====== Records supplied ======

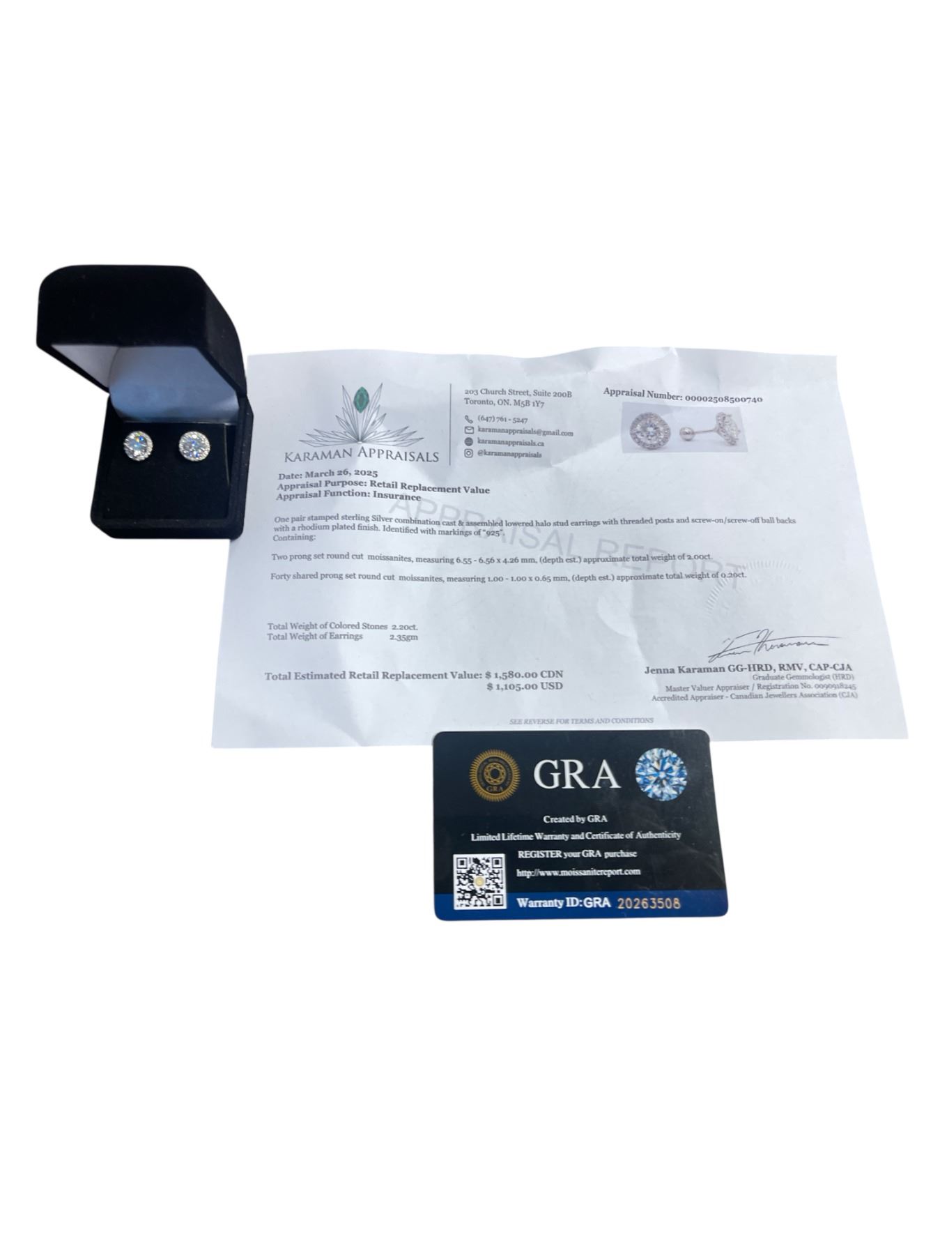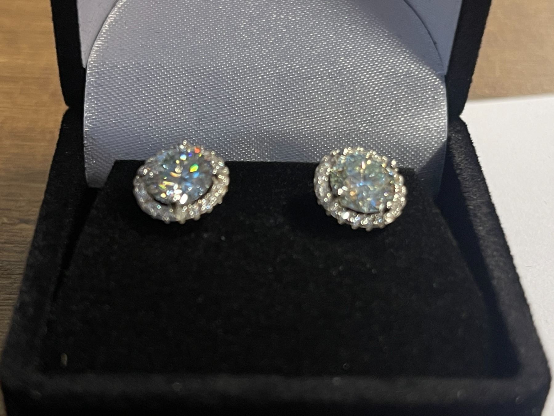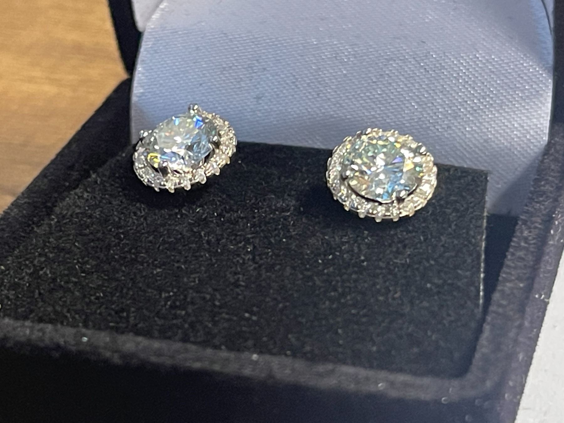 2.00 CT GRA CERTIFIED ROUND BRILLIANT CUT MOISSANITE STONE VVS BLUE COLOR WITH 40 ROUND BRILLIANT CUT CUBIC ZIRCONIA SET IN ROUND HALO SET IN 925 SILVER EARRINGS WITH SCREW BACKS RETAIL VALUE $1,580.00
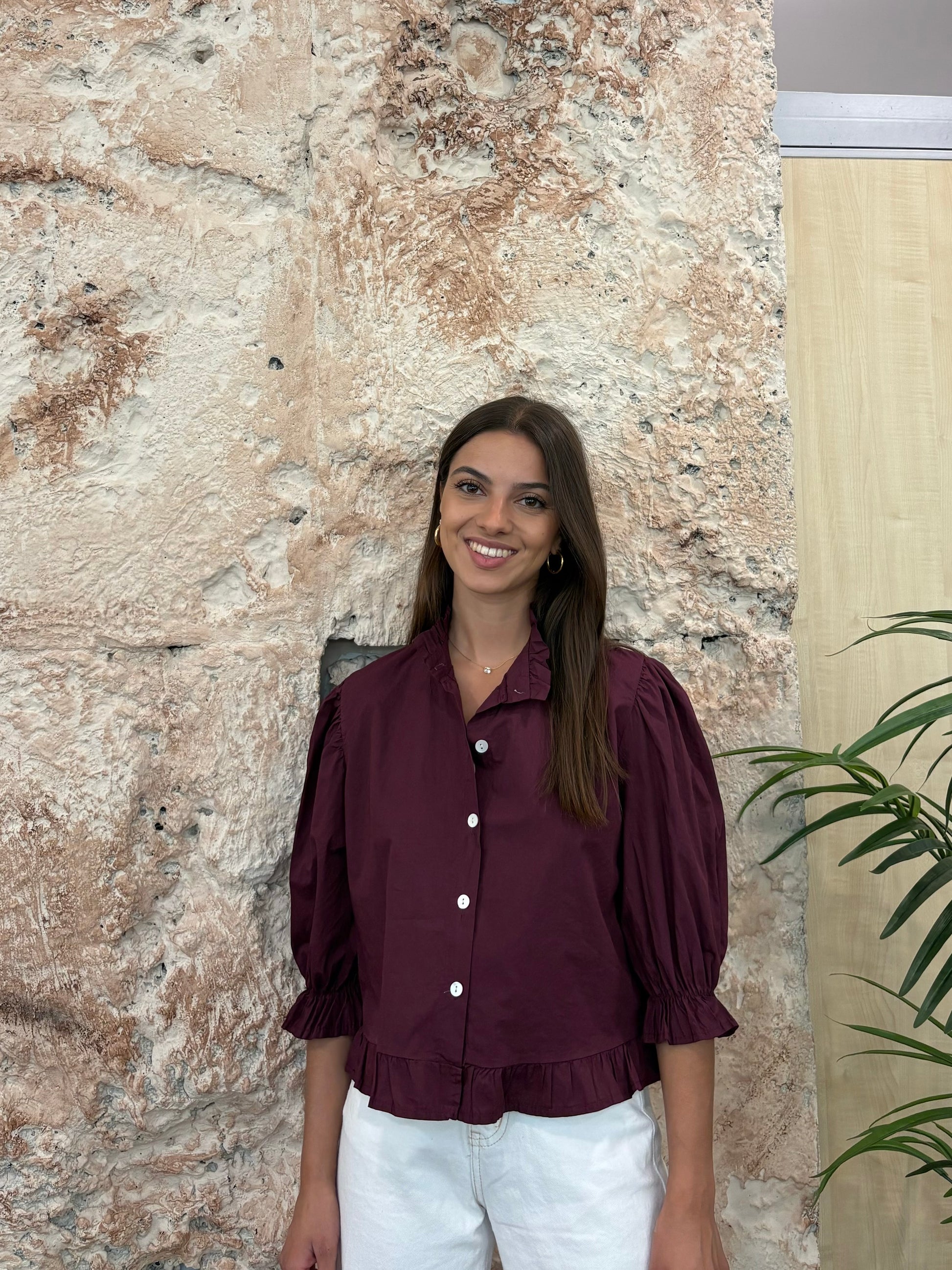 CAMISA CUELLO RIZO/VOLANTE BURDEOS
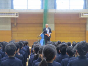 今日は2025年12月23日、日出学園小学校の2学期の終業式です。
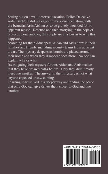 Setting out on a well-deserved vacation, Police Detective Aidan McNeill did not expect to be kidnapped along with the beautiful Artis Aislinn or to be gravely wounded for no apparent reason. Rescued and then marrying in the hope of protecting one another, the couple are at a loss as to why this happened. Searching for their kidnappers, Aidan and Artis draw in their families and friends, including security teams from adjacent towns. The mystery deepens as bombs are placed around their home and when they disappear once more. No one can explain why or who. Investigating their mystery further, Aidan and Artis realize that they have crossed paths before. Only they didn't really meet one another. The answer to their mystery is not what anyone expected or saw coming. Learning to trust God in a deeper way and finding the peace that only God can give drives them closer to God and one another.
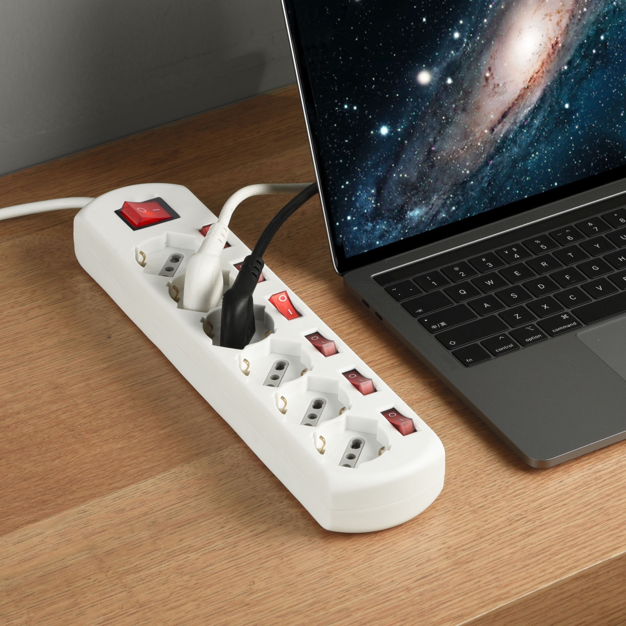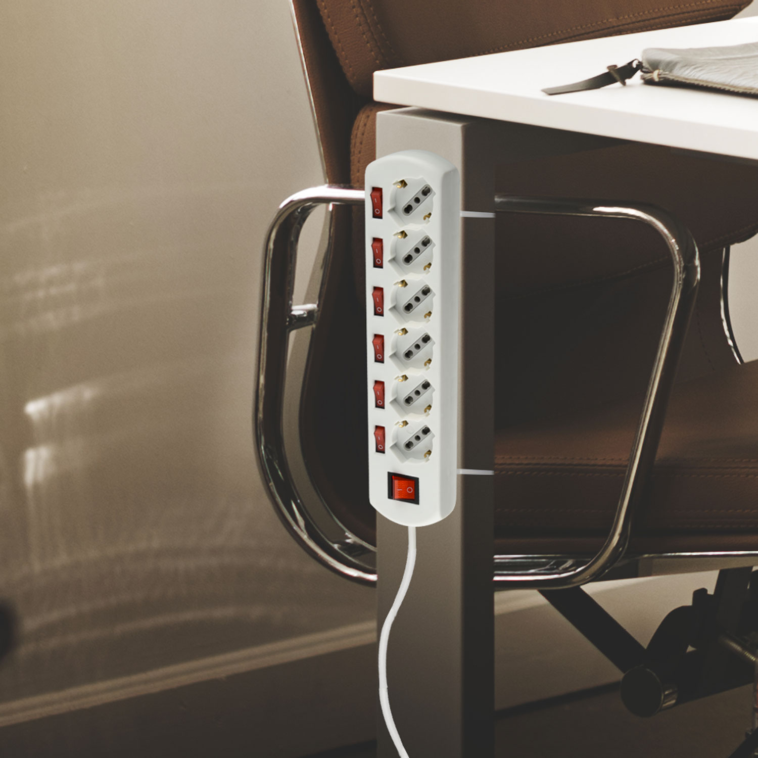 Multipresa 6 prese. interrutore generale e 6 interrutori indipendenti. Cavo 1.5m. H05VV-F 3G1. Bianca. Ideale per uffici. sale conferenze e postazioni di lavoro con necessità di alimentazione e controllo indipendenti. Imballo: Etichetta appendibile
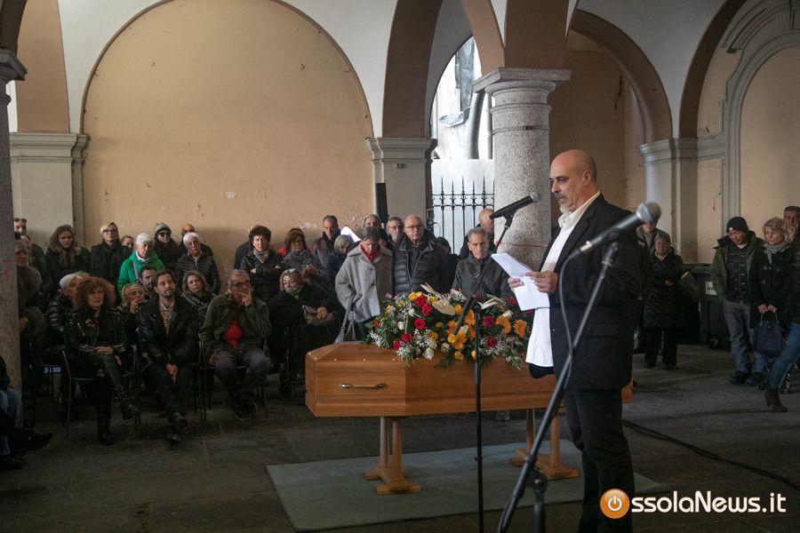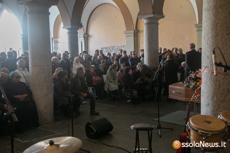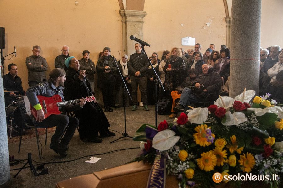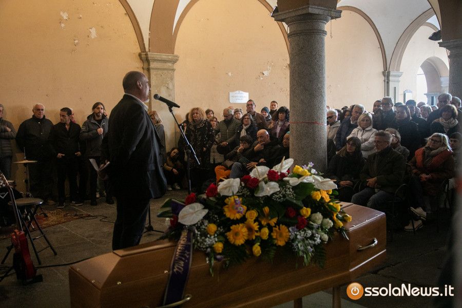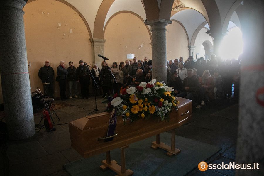 Una folla commossa ha preso parte al funerale con rito civile svoltosi nel pomeriggio sotto i portici di teatro Galletti. In prima fila la sua famiglia: composta dalla moglie Carmen Corradini e dai figli, Kim e Neve. Accanto a loro tanti musicisti con cui ha collaborato nel corso della sua lunga carriera musicale. C’era chi come la cantante svizzera Mary Birch lo ha conosciuto agli esordi della carriera, ma anche chi lo ha affiancato in età più matura: Michele Guaglio, Sara Piola solo per citare alcuni nomi. Il ricordo dell’artista e dell’uomo rivissuto nelle parole di Filippo Casaccia il giornalista di Rolling Stone arrivano qualche anno fa a Domodossola per un’intervista e poi diventato amico.
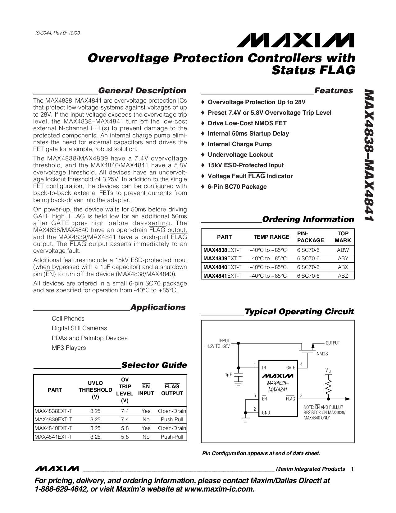 阈值, 和 这 max4840/max4841 有 一个 5.8v

======

- Exercise details: Without the pictures, copy the entries from their first line through the line containing "今日は2025年12月23日、日出学園小学校の2学期の終業式です。", and only those lines.

- Written response:
 2.00 CT GRA CERTIFIED ROUND BRILLIANT CUT MOISSANITE STONE VVS BLUE COLOR WITH 40 ROUND BRILLIANT CUT CUBIC ZIRCONIA SET IN ROUND HALO SET IN 925 SILVER EARRINGS WITH SCREW BACKS RETAIL VALUE $1,580.00
 CAMISA CUELLO RIZO/VOLANTE BURDEOS
 今日は2025年12月23日、日出学園小学校の2学期の終業式です。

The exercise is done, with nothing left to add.